The appearance of the Apo-Leflunomide tablets is similar to that of the Arava tablets:
- Both brands of 10 mg tablets are white and round. Apo-Leflunomide 10 mg is 5 mm in diameter as opposed to 7 mm for the Arava tablets.
- Both brands of 20 mg tablets are arc triangular shaped and are 7 mm in diameter. The Apo-Leflunomide 20 mg tablet is white whereas Avara 20 mg is pale yellow.
Background
Leflunomide belongs to the group of pharmaceuticals called DMARDs (disease-modifying anti-rheumatic drugs) and is used in the treatment of rheumatoid arthritis and active psoriatic arthritis.
PHARMAC currently lists and fully subsidises the Arava brand of leflunomide 10 mg and 20 mg tablets in Section B and Part II of Section H of the Pharmaceutical Schedule, without restriction. Arava has subsidy and delisting protection until 31 March 2017.
Current annual expenditure on leflunomide is $2.45 million in the community (financial year ending 30 June 2016). There are 4,230 people in New Zealand receiving leflunomide, 73% of whom are dispensed leflunomide over a period greater than four months.

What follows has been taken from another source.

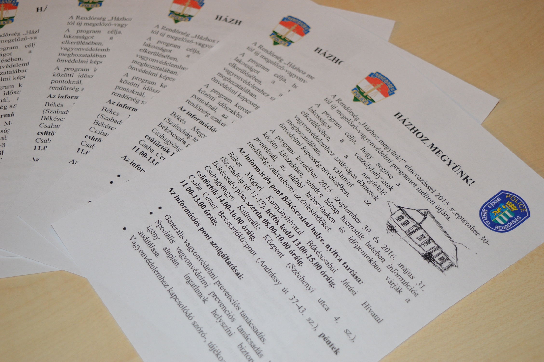Békés megyében Békéscsabán, Orosházán és Szarvason létesít a rendőrség információs pontokat, ahol 2016. május 26-áig vagyonvédelmi kiadványokkal és tanácsadással várják a szakemberek az érdeklődőket.
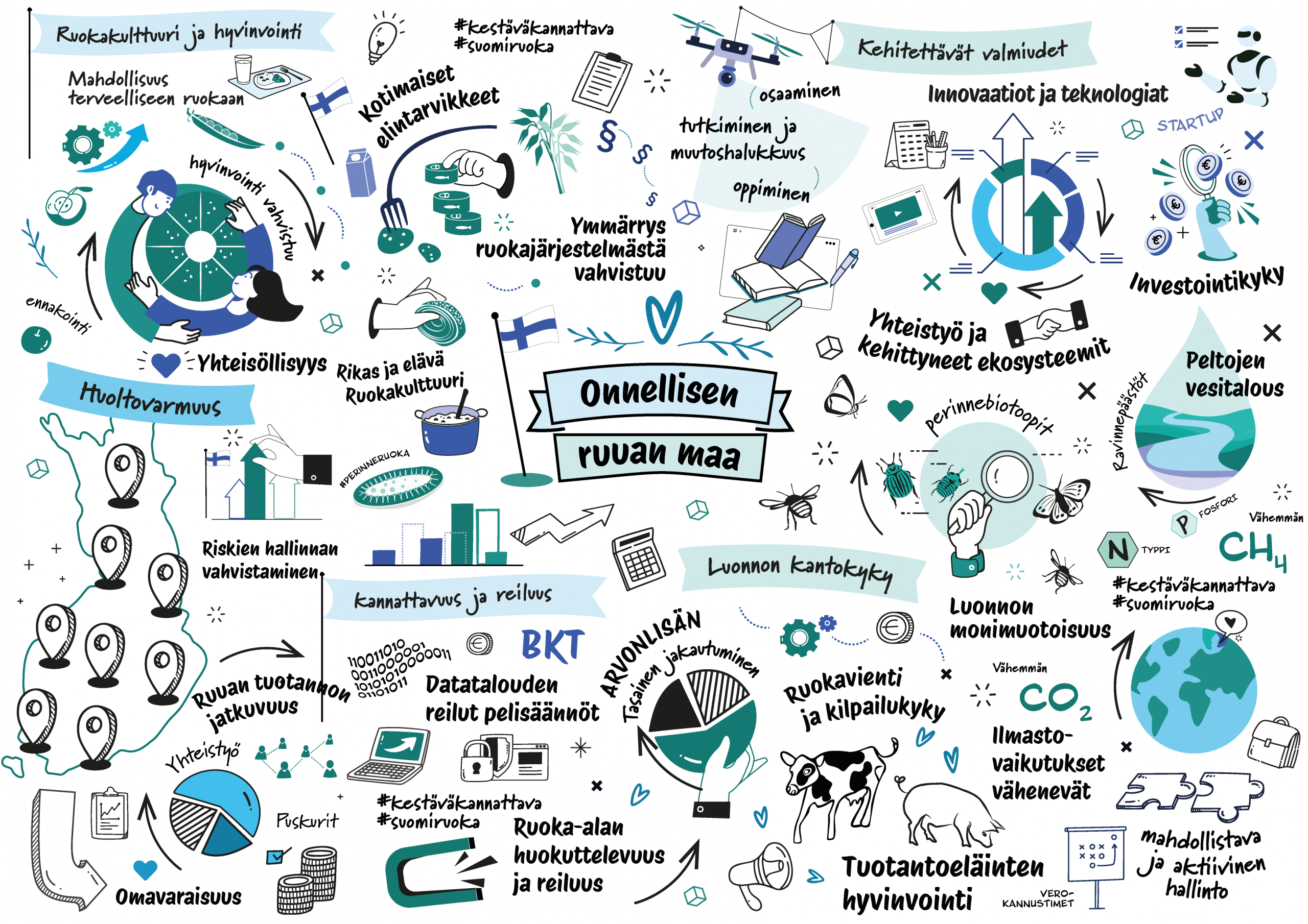 Ruokastrategia on valmisteltu merkittävän laajana sidosryhmäyhteistyönä, tilaisuuksissa yli 600 yrittäjän, kuluttajan, viranomaisen, tutkijan ja järjestön edustajan kanssa eri puolilta Suomea. Lisäksi kaikille avoimeen strategiakyselyyn osallistui yli 3700 vastaajaa. Strategiaa on valmisteltu myös parlamentaarisessa yhteistyössä eduskunnan maa- ja metsätalousvaliokunnan kanssa. Keväällä 2026 strategiasta on tehty eduskunnalle selontekoa ja valmisteltu toimeenpanosuunnitelmaa, josta vastaa perustettava Ruokaneuvosto yhdessä sen osana toimivien teemaryhmien kanssa.

In June 2016, PHARMAC invited tenders for the sole supply of leflunomide to DHB hospitals and/or community pharmacies. This proposal to award tenders to Apo-Leflunomide for Sole Supply Status and Hospital Supply Status for leflunomide is the result of this process.
Apo-Leflunomide has met Medsafe’s standards for registration in New Zealand, including a requirement that Apo-Leflunomide demonstrate bioequivalence to Arava, meaning that patients could expect to get the same clinical benefit from Apo-Leflunomide as from their current brand.
It is estimated that this proposal would provide discounted savings of approximately $9 million over the next five years ($7 million of savings over the sole supply period). These savings would then be available to invest in other pharmaceuticals.